**AIM OF THE EXERCISE**
What the response needs is every record, repeated verbatim, and no images.

**EXTRACTED MATERIAL**

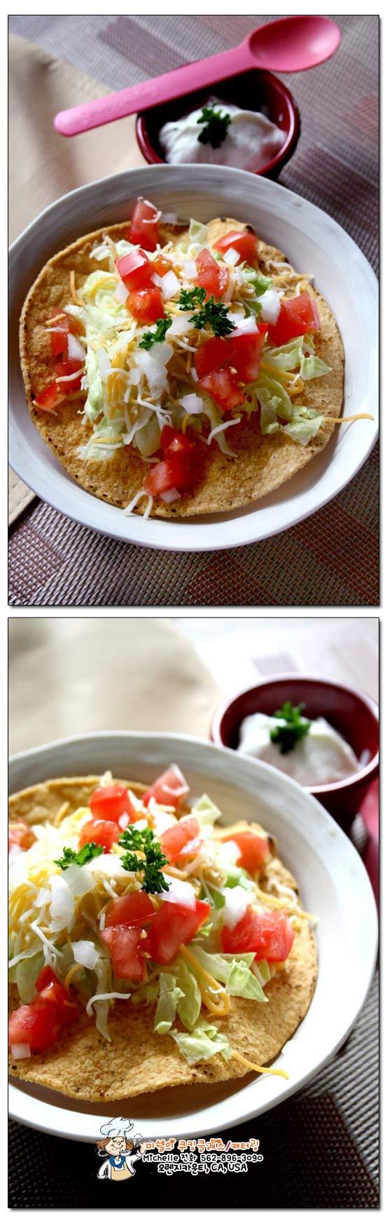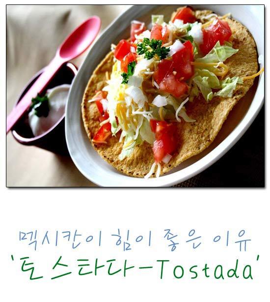 또 이렇게 토르티야(Tortilla)를 통째로 튀겨서 그 위에 팥이나 구아카몰 혹은 고기, 야채를 얹으면 토스타다(Tostada)라고 하는데 사실 위에 얹는 재료는 그렇게 구애를 받지 않는다.
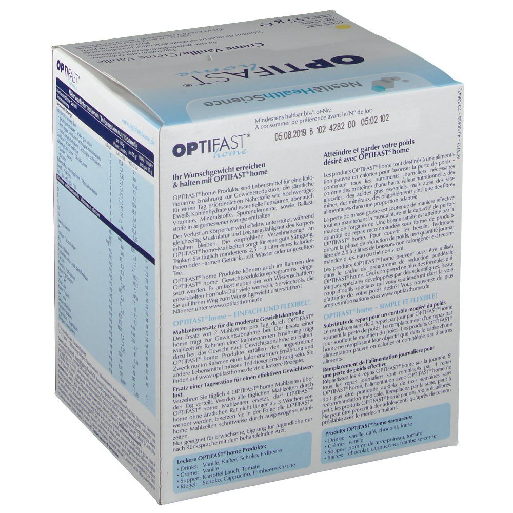 Optifast Home in cremiger Vanille-Geschmack unterstützt dich bei deinem Gewichtsmanagement! Jede Packung enthält 8 praktische Sachets à 55g. Reich an Vitaminen und Mineralstoffen - versorgt deinen Körper mit allen wichtigen Nährstoffen. Einfach zubereitet: Inhalt mit 200ml kaltem Wasser mixen oder im Shaker schütteln. Mit Magermilchpulver, Milcheiweiß und wertvollem Inulin. Enthält Vitamin C, E, Eisen, Zink und viele weitere Vitalstoffe. Perfekt als Mahlzeitenersatz im Rahmen eines Diätplans. Von Nestlé HealthCare entwickelt - Qualität, der du vertrauen kannst. Die cremige Vanille schmeckt lecker und stillt das Verlangen nach Süßem. Ideal für unterwegs oder als schnelle Mahlzeit zu Hause. Unterstützt deine Gesundheitsziele mit wissenschaftlich entwickelter Formel!
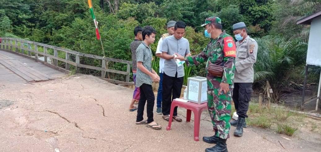 Sintang- Personil Koramil 1205-05/Senaning Amankan pelaksanaan sholat Idul Fitri sembari ajak warga terapkan protokol kesehatan pada pagi kamis (13/05/2021).
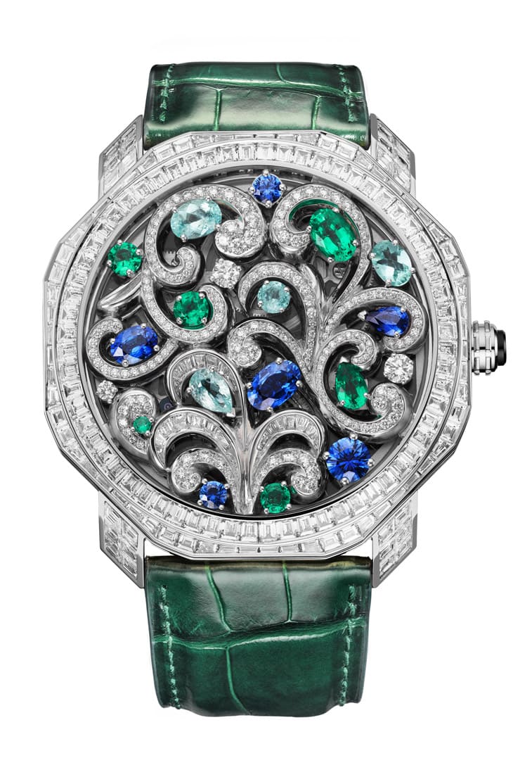 18K白金材质/BVL 191自动上链机芯/时、分显示/表款镶钻/面盘镶长棍形切割蓝色和粉红色蓝宝石、圆形明亮切割钻石、圆形切割混合祖母绿、蛋白石/蓝宝石水晶镜面/防水30米/表径37mm/限量10只
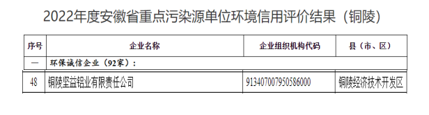 10月9日,市生態(tài)環(huán)境局對2022年度“安徽省重點(diǎn)污染源單位環(huán)境信用等級評價結(jié)果”予以公布,市交投集團(tuán)司屬堅益鋁業(yè)公司經(jīng)過層層評選,成功榮獲“環(huán)保誠信企業(yè)”稱號。據(jù)悉獲評該項(xiàng)榮譽(yù)我市共計92家企業(yè)。
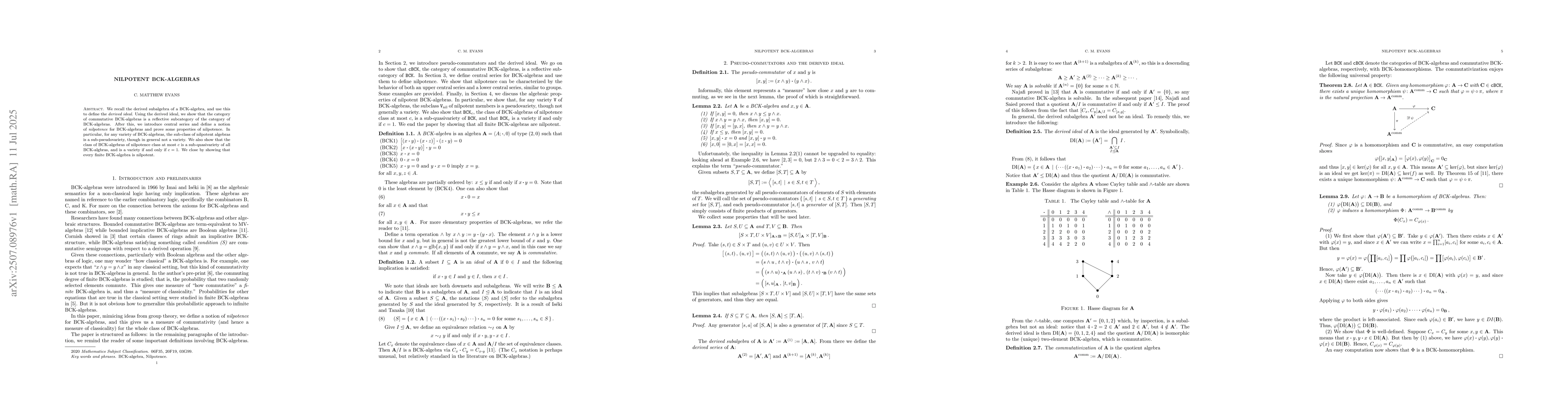 We recall the derived subalgebra of a BCK-algebra, and use this to define the derived ideal. Using the derived ideal, we show that the category of commutative BCK-algebras is a reflective subcategory of the category of BCK-algebras. After this, we introduce central series and define a notion of nilpotence for BCK-algebras and prove some properties of nilpotence. In particular, for any variety of BCK-algebras, the sub-class of nilpotent algebras is a sub-pseudovariety, though in general not a variety. We also show that the class of BCK-algebras of nilpotence class at most $c$ is a sub-quasivariety of all BCK-algebras, and is a variety if and only if $c=1$. We close by showing that every finite BCK-algebra is nilpotent.
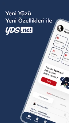 1. YDS.NET uygulaması YDS, E-YDS, YÖKDİL, E-YÖKDİL, YDT gibi ulusal sınavlar, IELTS, TOEFL gibi uluslararası sınavlar ve günlük yaşamda ihtiyaçlarınıza cevap verecek olan GENEL İNGİLİZCE gruplarının yer aldığı bir platformdur.
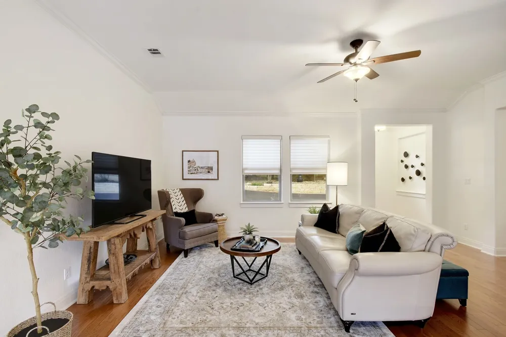 Craftsman-style one-story home in desirable Spillman Ridge offering an easy lock-and-leave lifestyle in the heart of 78738. This bright, open-concept floor plan lives larger than a typical two-bedroom, with a spacious living, kitchen, and dining area filled with natural light—perfect for everyday living and entertaining. Hardwood floors, neutral tones, and a seamless layout create an inviting feel throughout. Both bedrooms are generously sized. The secondary bedroom easily accommodates two full beds with room for additional furniture or a desk. The primary suite features double vanities, a separate shower, and a walk-in closet. Set on a greenbelt lot with lawn maintenance included by the HOA. Community pool and pavilion. Zoned to exemplary Lake Travis ISD. Minutes to Hill Country Galleria, Whole Foods, golf, medical facilities, and dining. Backyard fence to be enlarged in May. Offered fully furnished if desired. Owner/Agent.
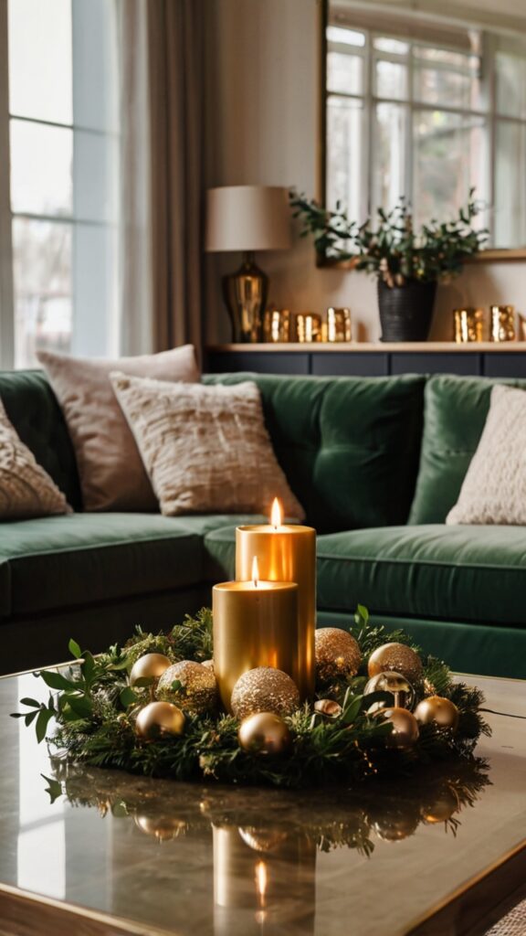 Your coffee table can easily become a small focal point with the right decor. Use a decorative tray to group candles, mini ornaments, and greenery together. Mixing gold accents with fresh or faux greens adds a touch of elegance while keeping the look cozy and balanced.
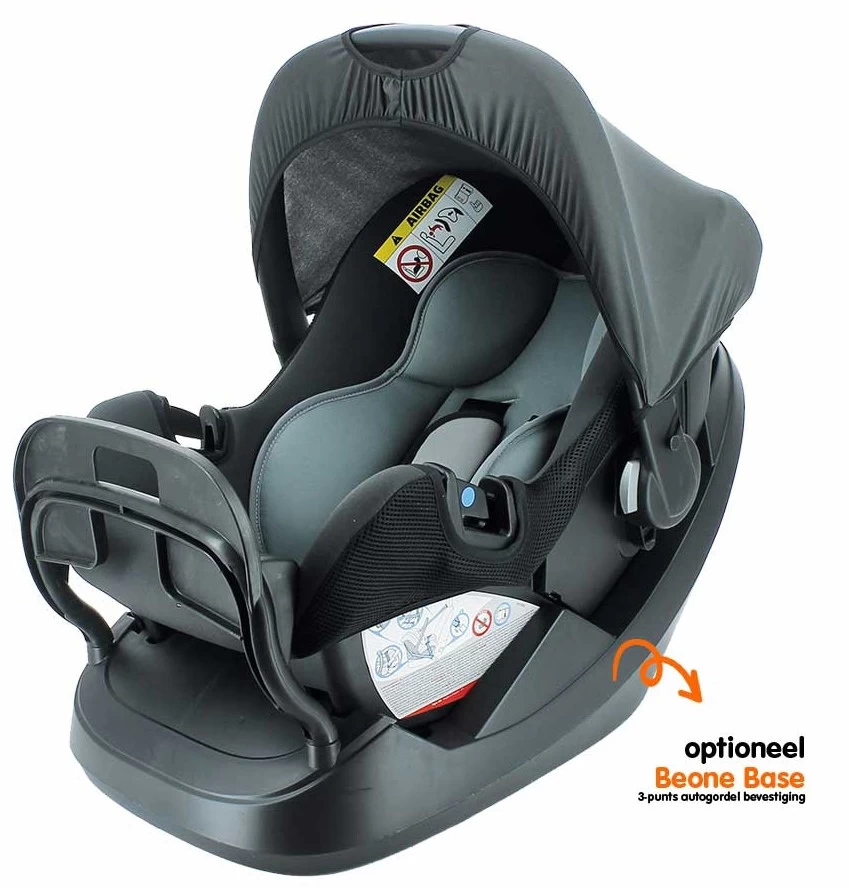 De Beone is ideaal voor als je veel onderweg bent. De autostoel is met apart verkrijgbare universele Maxi Cosi adapters makkelijk op een kinderwagen te bevestigen. Je kindje zit veilig vast met de 3-punts veiligheidsgordel en heeft een extra zacht hoofdkussen. De gordel kan makkelijk versteld worden en heeft gordelpads voor meer comfort voor je kleine.
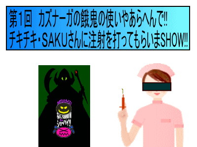「実はSAKUさんはまだ生き残っておられるが、残念ながら事情により、次の問題に参加できないそうだ。そこで罰ゲームの執行人として参加して頂こう。今回の罰ゲームはなんとSAKUさんに予防接種を打ってもらえるというものだぞ!あの目伏せは何かって?あれは目隠しだ!ただ単に注射をするのでは面白くない!そこでSAKUさんには目隠しをして注射をやってもらいましょう! さあ、このこわーい罰注射をされたくないという人は頑張ってくれたまえ!」
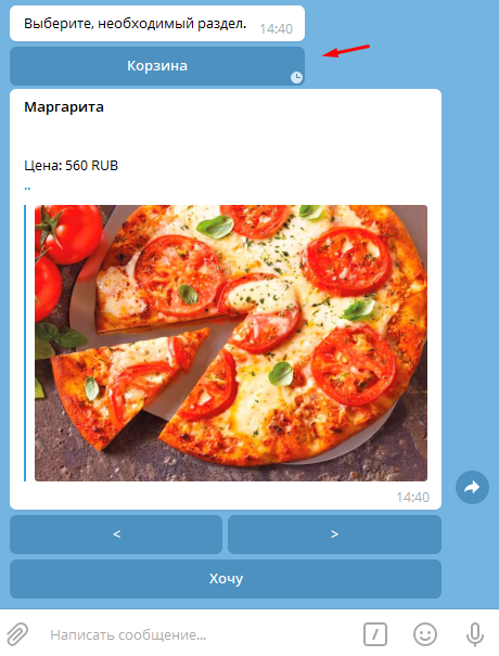 Шаг 1: Переходим в сообщение, которое содержит корзину.
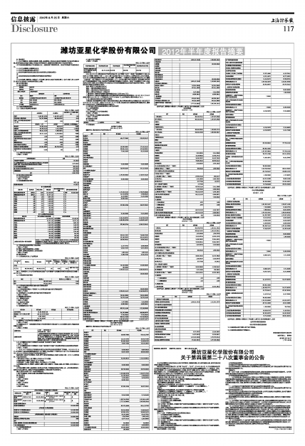 潍坊亚星化学股份有限公司2012年半年度报告摘要

**SOLVED EXERCISE**
 또 이렇게 토르티야(Tortilla)를 통째로 튀겨서 그 위에 팥이나 구아카몰 혹은 고기, 야채를 얹으면 토스타다(Tostada)라고 하는데 사실 위에 얹는 재료는 그렇게 구애를 받지 않는다.
 Optifast Home in cremiger Vanille-Geschmack unterstützt dich bei deinem Gewichtsmanagement! Jede Packung enthält 8 praktische Sachets à 55g. Reich an Vitaminen und Mineralstoffen - versorgt deinen Körper mit allen wichtigen Nährstoffen. Einfach zubereitet: Inhalt mit 200ml kaltem Wasser mixen oder im Shaker schütteln. Mit Magermilchpulver, Milcheiweiß und wertvollem Inulin. Enthält Vitamin C, E, Eisen, Zink und viele weitere Vitalstoffe. Perfekt als Mahlzeitenersatz im Rahmen eines Diätplans. Von Nestlé HealthCare entwickelt - Qualität, der du vertrauen kannst. Die cremige Vanille schmeckt lecker und stillt das Verlangen nach Süßem. Ideal für unterwegs oder als schnelle Mahlzeit zu Hause. Unterstützt deine Gesundheitsziele mit wissenschaftlich entwickelter Formel!
 Sintang- Personil Koramil 1205-05/Senaning Amankan pelaksanaan sholat Idul Fitri sembari ajak warga terapkan protokol kesehatan pada pagi kamis (13/05/2021).
 18K白金材质/BVL 191自动上链机芯/时、分显示/表款镶钻/面盘镶长棍形切割蓝色和粉红色蓝宝石、圆形明亮切割钻石、圆形切割混合祖母绿、蛋白石/蓝宝石水晶镜面/防水30米/表径37mm/限量10只
 10月9日,市生態(tài)環(huán)境局對2022年度“安徽省重點(diǎn)污染源單位環(huán)境信用等級評價結(jié)果”予以公布,市交投集團(tuán)司屬堅益鋁業(yè)公司經(jīng)過層層評選,成功榮獲“環(huán)保誠信企業(yè)”稱號。據(jù)悉獲評該項(xiàng)榮譽(yù)我市共計92家企業(yè)。
 We recall the derived subalgebra of a BCK-algebra, and use this to define the derived ideal. Using the derived ideal, we show that the category of commutative BCK-algebras is a reflective subcategory of the category of BCK-algebras. After this, we introduce central series and define a notion of nilpotence for BCK-algebras and prove some properties of nilpotence. In particular, for any variety of BCK-algebras, the sub-class of nilpotent algebras is a sub-pseudovariety, though in general not a variety. We also show that the class of BCK-algebras of nilpotence class at most $c$ is a sub-quasivariety of all BCK-algebras, and is a variety if and only if $c=1$. We close by showing that every finite BCK-algebra is nilpotent.
 1. YDS.NET uygulaması YDS, E-YDS, YÖKDİL, E-YÖKDİL, YDT gibi ulusal sınavlar, IELTS, TOEFL gibi uluslararası sınavlar ve günlük yaşamda ihtiyaçlarınıza cevap verecek olan GENEL İNGİLİZCE gruplarının yer aldığı bir platformdur.
 Craftsman-style one-story home in desirable Spillman Ridge offering an easy lock-and-leave lifestyle in the heart of 78738. This bright, open-concept floor plan lives larger than a typical two-bedroom, with a spacious living, kitchen, and dining area filled with natural light—perfect for everyday living and entertaining. Hardwood floors, neutral tones, and a seamless layout create an inviting feel throughout. Both bedrooms are generously sized. The secondary bedroom easily accommodates two full beds with room for additional furniture or a desk. The primary suite features double vanities, a separate shower, and a walk-in closet. Set on a greenbelt lot with lawn maintenance included by the HOA. Community pool and pavilion. Zoned to exemplary Lake Travis ISD. Minutes to Hill Country Galleria, Whole Foods, golf, medical facilities, and dining. Backyard fence to be enlarged in May. Offered fully furnished if desired. Owner/Agent.
 Your coffee table can easily become a small focal point with the right decor. Use a decorative tray to group candles, mini ornaments, and greenery together. Mixing gold accents with fresh or faux greens adds a touch of elegance while keeping the look cozy and balanced.
 De Beone is ideaal voor als je veel onderweg bent. De autostoel is met apart verkrijgbare universele Maxi Cosi adapters makkelijk op een kinderwagen te bevestigen. Je kindje zit veilig vast met de 3-punts veiligheidsgordel en heeft een extra zacht hoofdkussen. De gordel kan makkelijk versteld worden en heeft gordelpads voor meer comfort voor je kleine.
「実はSAKUさんはまだ生き残っておられるが、残念ながら事情により、次の問題に参加できないそうだ。そこで罰ゲームの執行人として参加して頂こう。今回の罰ゲームはなんとSAKUさんに予防接種を打ってもらえるというものだぞ!あの目伏せは何かって?あれは目隠しだ!ただ単に注射をするのでは面白くない!そこでSAKUさんには目隠しをして注射をやってもらいましょう! さあ、このこわーい罰注射をされたくないという人は頑張ってくれたまえ!」
 Шаг 1: Переходим в сообщение, которое содержит корзину.
 潍坊亚星化学股份有限公司2012年半年度报告摘要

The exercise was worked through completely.